===== Data provided

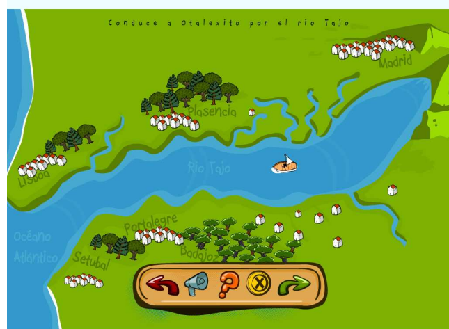
Uno de los juegos didácticos consistente en dirigir una barca por el río Tajo

Todos los juegos, con textos en ambos idiomas, imágenes en movimiento y sonido, estarán basados en los itinerarios curriculares oficiales de Primaria y ESO y han sido diseñados bajo la supervisión de un especialista en educación infantil.
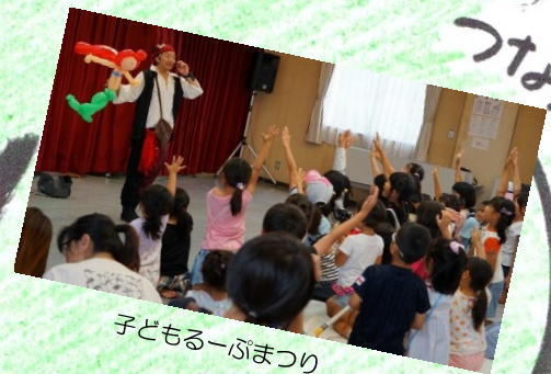
子ども一歩まつり
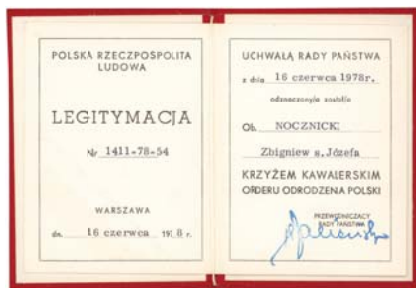
Fot. nr 6. Legitymacja Zbigniewa Nocznickiego odznaczonego Krzyżem Kawalerskim Orderu Odrodzenia Polski.

==========

*Required action:*
Please retype the listing in full, exactly as given, and skip every image.

*Your response:*
Uno de los juegos didácticos consistente en dirigir una barca por el río Tajo

Todos los juegos, con textos en ambos idiomas, imágenes en movimiento y sonido, estarán basados en los itinerarios curriculares oficiales de Primaria y ESO y han sido diseñados bajo la supervisión de un especialista en educación infantil.
子ども一歩まつり
Fot. nr 6. Legitymacja Zbigniewa Nocznickiego odznaczonego Krzyżem Kawalerskim Orderu Odrodzenia Polski.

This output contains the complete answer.